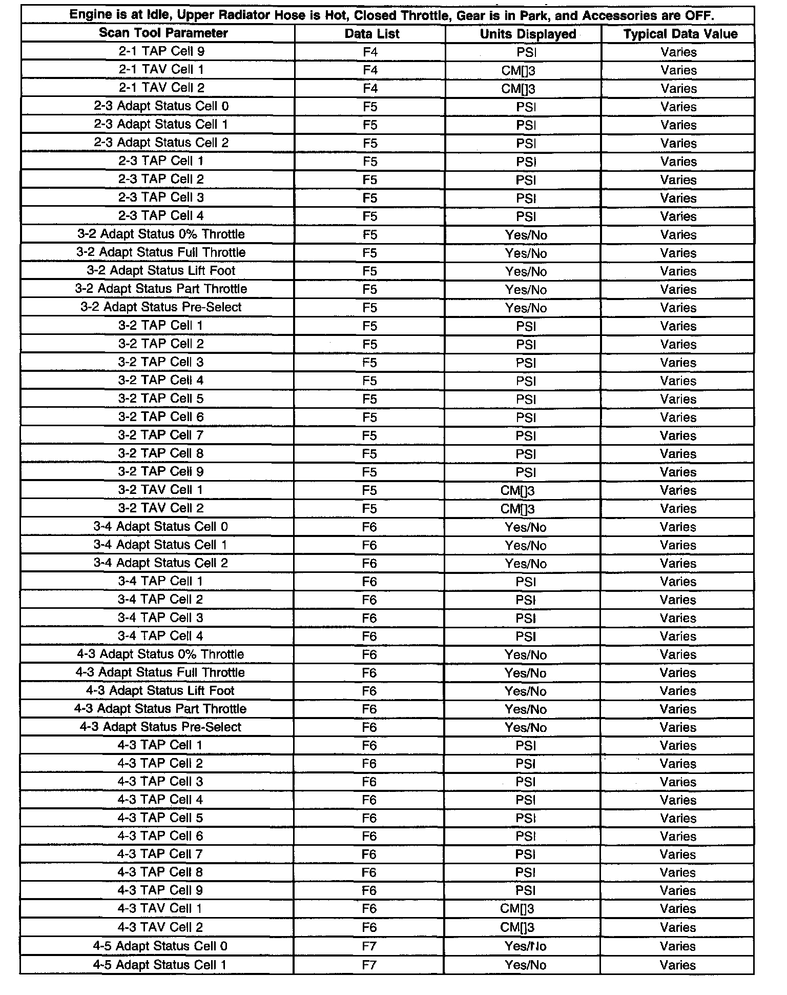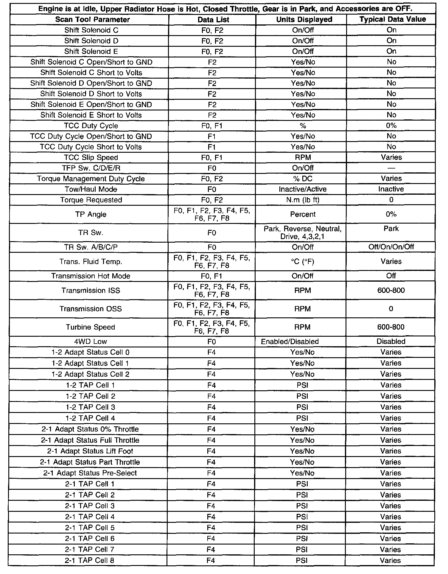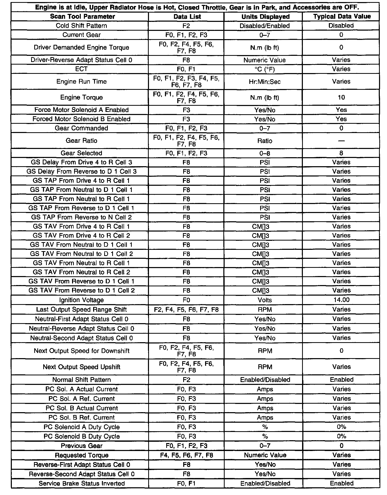 Transmission Scan Tool Data List
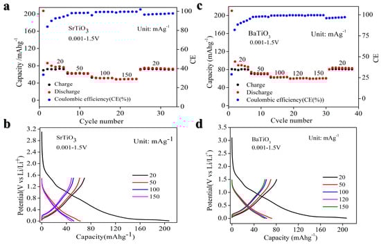 To understand rate capability, Figure 6a,b show the rate performance of STO and BTO at a current density ranging from 20 mA g−1 to 150 mA g−1. The data unequivocally demonstrate that both materials exhibit superior rate performance.
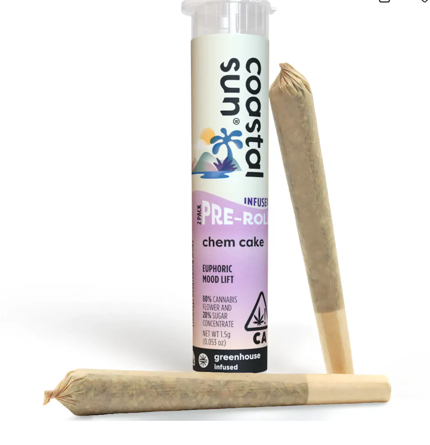 Coastal Sun Infused Prerolls 2pk 1.5g - Chem Cake 52%
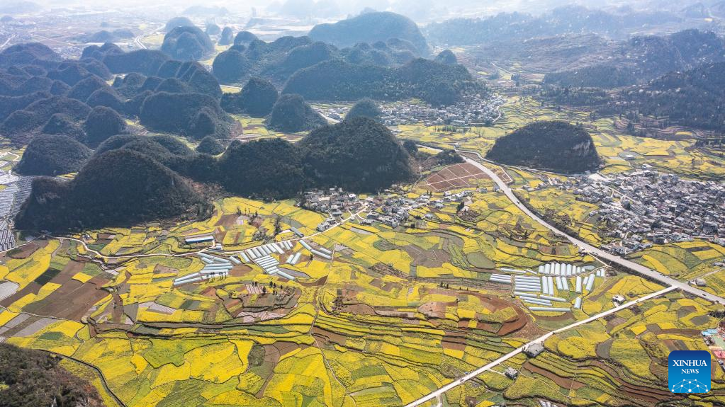 This aerial photo taken on March 9, 2023 shows cole flower fields in Wayao Village of Mugang Town, Liuzhi Special District, Liupanshui, southwest China's Guizhou Province. (Xinhua/Tao Liang)
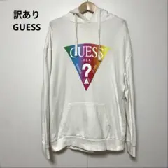 フード付きのネイビーパーカー、GUESSのグラフィックプリントデザイン。
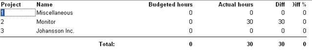 In the Time check list you will find the following information; Budgeted hours, Foretasted hours, Actual hours as well as the Difference in hours and percent. Under the Create tab you select to what the result shall be compared and the difference that occurs will then be shown in the columns Diff and Diff %.
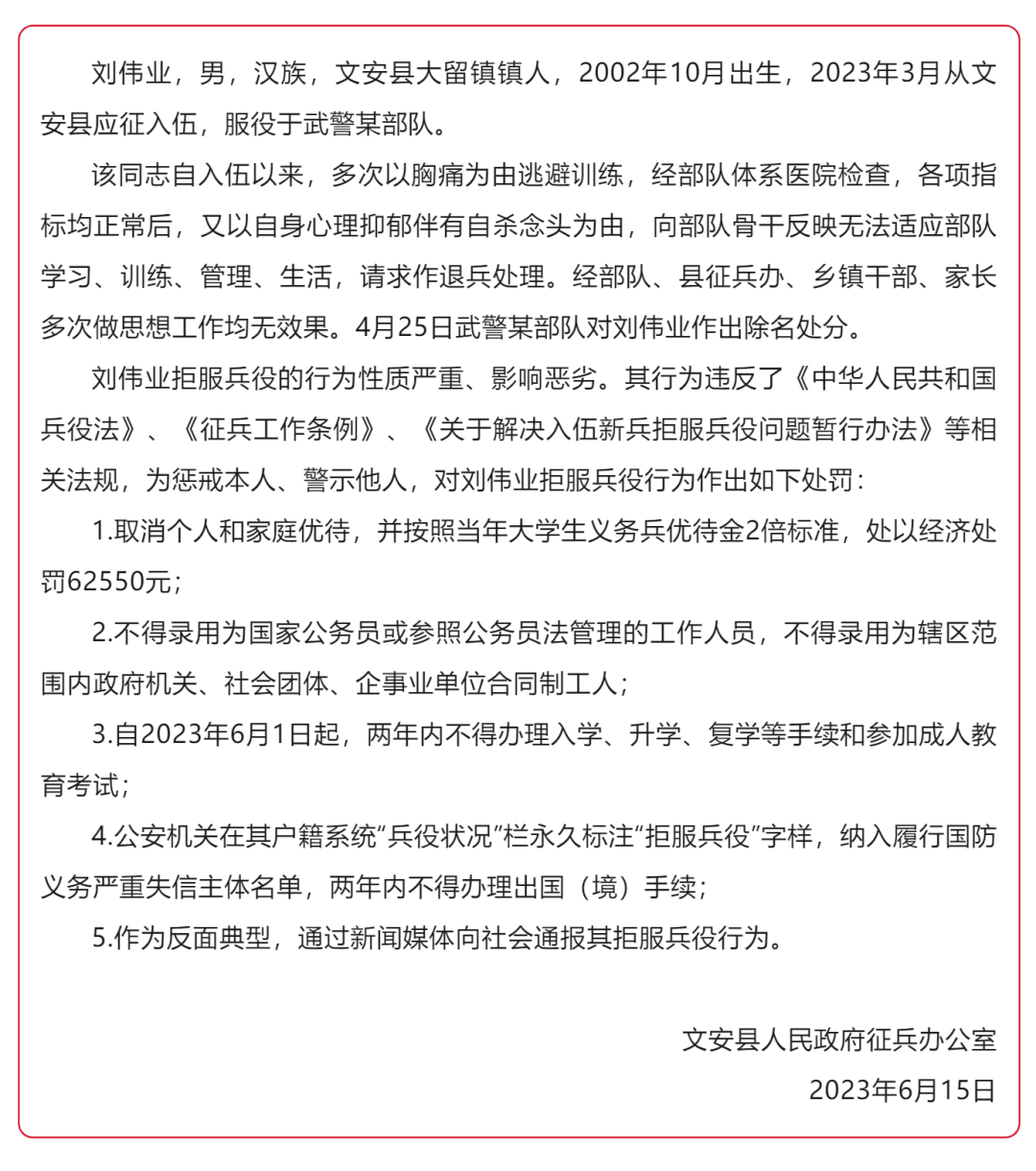7月20日,“文安融媒”微信公众号发布关于该县新兵刘伟业拒服兵役的情况通报,全文如下:
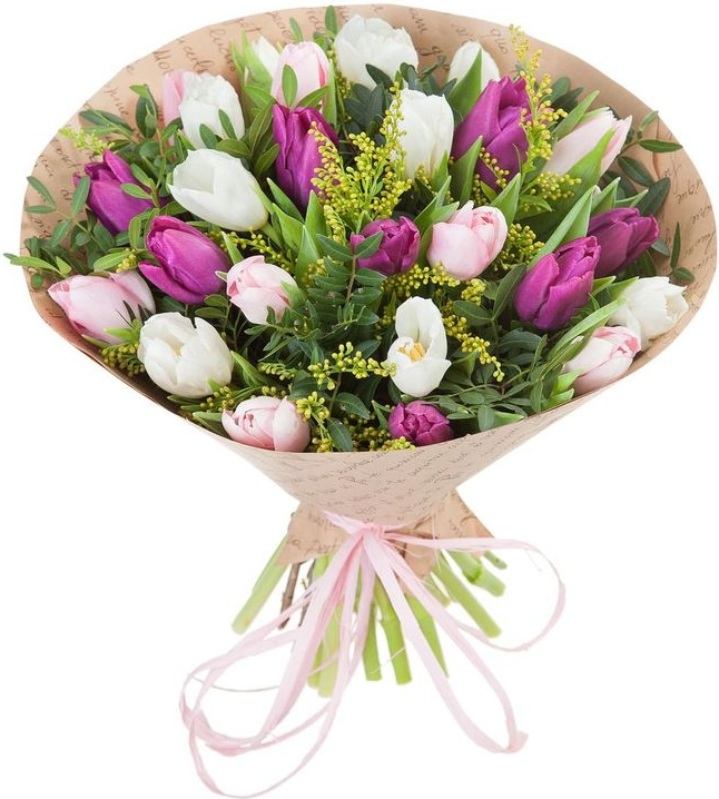 2 белых тюльпана, 2 розовых тюльпана, 3 малиновых тюльпана, 1 солидаго, зелень, упаковка, лента4 белых тюльпанов, 4 розовых тюльпанов, 5 малиновых тюльпанов, 2 солидаго, зелень, упаковка, лента8 белых тюльпанов, 8 розовых тюльпанов, 7 малиновых тюльпанов, 3 солидаго, зелень, упаковка, лента

• EXERCISE REQUIREMENTS:
All entries must come back exactly as written, though without their pictures.

• EXERCISE RESPONSE:
 Transmission Scan Tool Data List
 To understand rate capability, Figure 6a,b show the rate performance of STO and BTO at a current density ranging from 20 mA g−1 to 150 mA g−1. The data unequivocally demonstrate that both materials exhibit superior rate performance.
 Coastal Sun Infused Prerolls 2pk 1.5g - Chem Cake 52%
 This aerial photo taken on March 9, 2023 shows cole flower fields in Wayao Village of Mugang Town, Liuzhi Special District, Liupanshui, southwest China's Guizhou Province. (Xinhua/Tao Liang)
 フード付きのネイビーパーカー、GUESSのグラフィックプリントデザイン。
 In the Time check list you will find the following information; Budgeted hours, Foretasted hours, Actual hours as well as the Difference in hours and percent. Under the Create tab you select to what the result shall be compared and the difference that occurs will then be shown in the columns Diff and Diff %.
7月20日,“文安融媒”微信公众号发布关于该县新兵刘伟业拒服兵役的情况通报,全文如下:
 2 белых тюльпана, 2 розовых тюльпана, 3 малиновых тюльпана, 1 солидаго, зелень, упаковка, лента4 белых тюльпанов, 4 розовых тюльпанов, 5 малиновых тюльпанов, 2 солидаго, зелень, упаковка, лента8 белых тюльпанов, 8 розовых тюльпанов, 7 малиновых тюльпанов, 3 солидаго, зелень, упаковка, лента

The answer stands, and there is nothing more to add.